» **Task details**
Using the listing below, give again exactly the lines from the line with "в Ютландском бою." to the line with "Um die Stammdaten", inclusive, without the pictures.

» **Provided information**
● ● ●

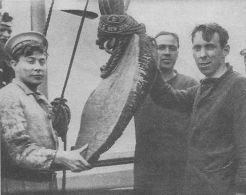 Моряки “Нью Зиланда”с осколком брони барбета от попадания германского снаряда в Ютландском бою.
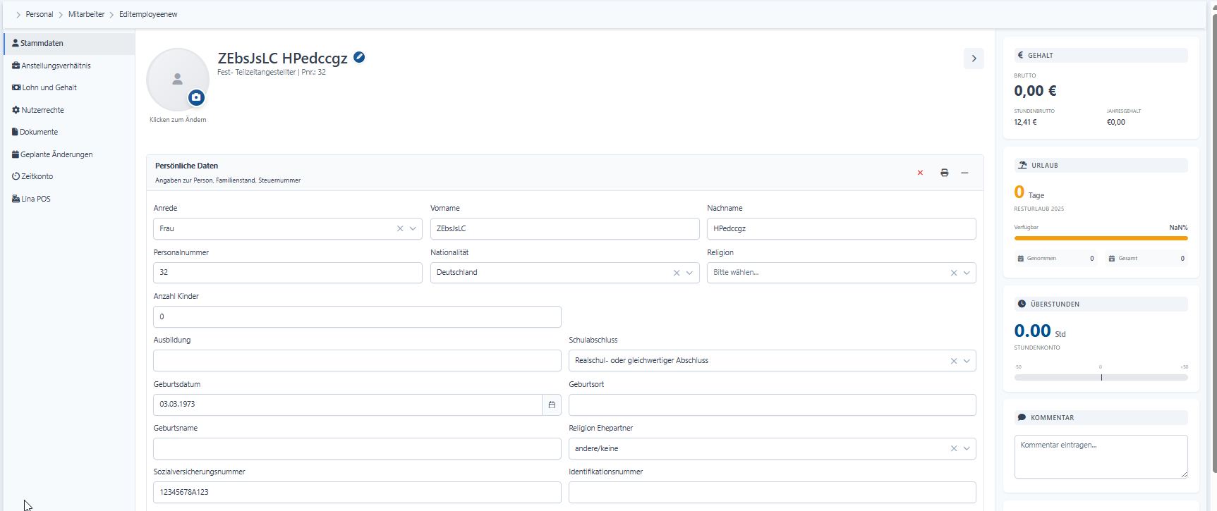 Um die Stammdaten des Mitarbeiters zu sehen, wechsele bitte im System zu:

● ● ●

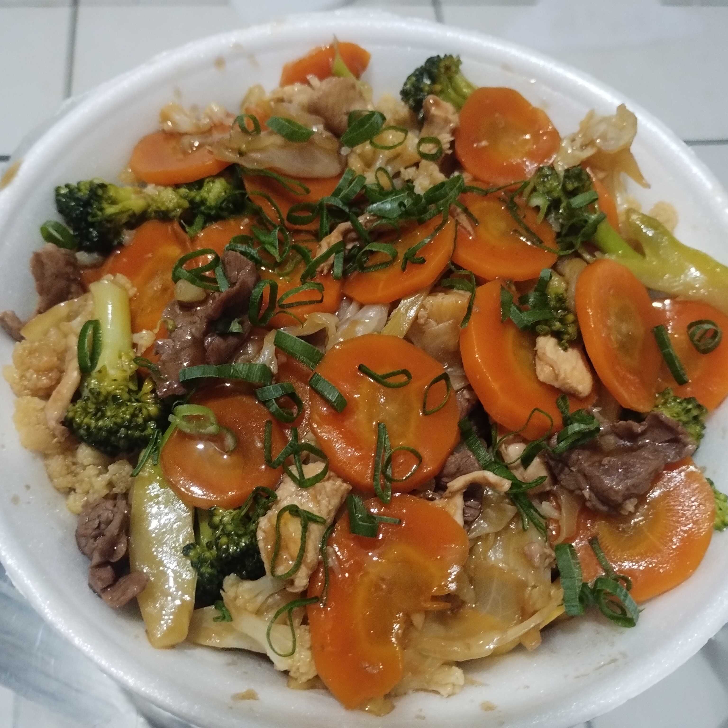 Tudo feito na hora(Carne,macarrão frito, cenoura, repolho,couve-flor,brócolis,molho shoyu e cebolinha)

● ● ●

» **Answer**
 Моряки “Нью Зиланда”с осколком брони барбета от попадания германского снаряда в Ютландском бою.
 Um die Stammdaten des Mitarbeiters zu sehen, wechsele bitte im System zu:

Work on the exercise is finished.